*Problem*:
Transcribe all data verbatim. Skip the pictures.

*Dataset extract*:
Segment Open

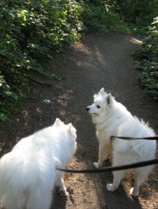 I got the crazy idea yesterday afternoon that I would pack a sandwich, drink, and a book, and take the dogs to the park and have a dinner picnic. My only regret in this was 1) letting Alki see me prepare the kongs I brought along for them before we left – because she spent the entire walk obsessing about when she would get the kong, and then stole Barclay’s too! and 2) taking both dogs, because it was like having two little kids in the backseat on a long car ride! They cannot be happy sniffing the same bush, or one being ahead of the other. Actually, it’s all Alki who had her nose out of joint. Barclay is way too laid back to be much trouble. So I spend the whole time untangling leashes and being alternately pulled forward or dragged behind.
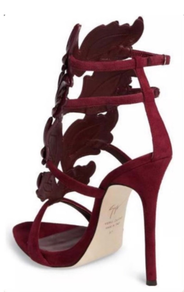 A scene-stealing Italian sandal in an iconic Firewings silhouette and crowned with a dramatic crescendo of polished flames and lifted by a sky-high stiletto heel. Striking a balance between whimsical and edgy, Giuseppe Zanotti's Burgundy cage sandals are armored with sweeping, sculptural wing embellishment for an unforgettable evening look. Heel Style: Stiletto Toe Style: Open Toe 5" heel; 3/4" platform, 4" ankle strap height. Made in Italy. FABRIC / MATERIAL suede upper, leather lining, leather sole FIT TIP Fits true to size.
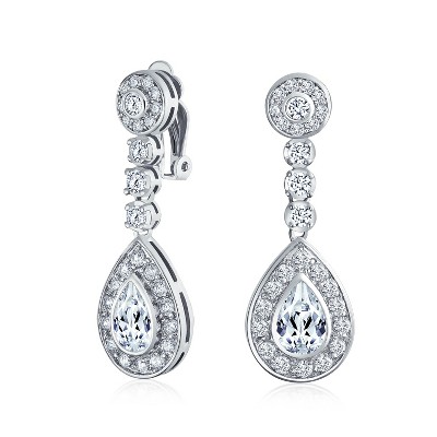 Bling Jewelry Art Deco Style Cubic Zirconia CZ Statement Teardrop Chandelier Clip On Dangle Earrings

Segment Closed

*Answer space*:
 I got the crazy idea yesterday afternoon that I would pack a sandwich, drink, and a book, and take the dogs to the park and have a dinner picnic. My only regret in this was 1) letting Alki see me prepare the kongs I brought along for them before we left – because she spent the entire walk obsessing about when she would get the kong, and then stole Barclay’s too! and 2) taking both dogs, because it was like having two little kids in the backseat on a long car ride! They cannot be happy sniffing the same bush, or one being ahead of the other. Actually, it’s all Alki who had her nose out of joint. Barclay is way too laid back to be much trouble. So I spend the whole time untangling leashes and being alternately pulled forward or dragged behind.
 A scene-stealing Italian sandal in an iconic Firewings silhouette and crowned with a dramatic crescendo of polished flames and lifted by a sky-high stiletto heel. Striking a balance between whimsical and edgy, Giuseppe Zanotti's Burgundy cage sandals are armored with sweeping, sculptural wing embellishment for an unforgettable evening look. Heel Style: Stiletto Toe Style: Open Toe 5" heel; 3/4" platform, 4" ankle strap height. Made in Italy. FABRIC / MATERIAL suede upper, leather lining, leather sole FIT TIP Fits true to size.
 Bling Jewelry Art Deco Style Cubic Zirconia CZ Statement Teardrop Chandelier Clip On Dangle Earrings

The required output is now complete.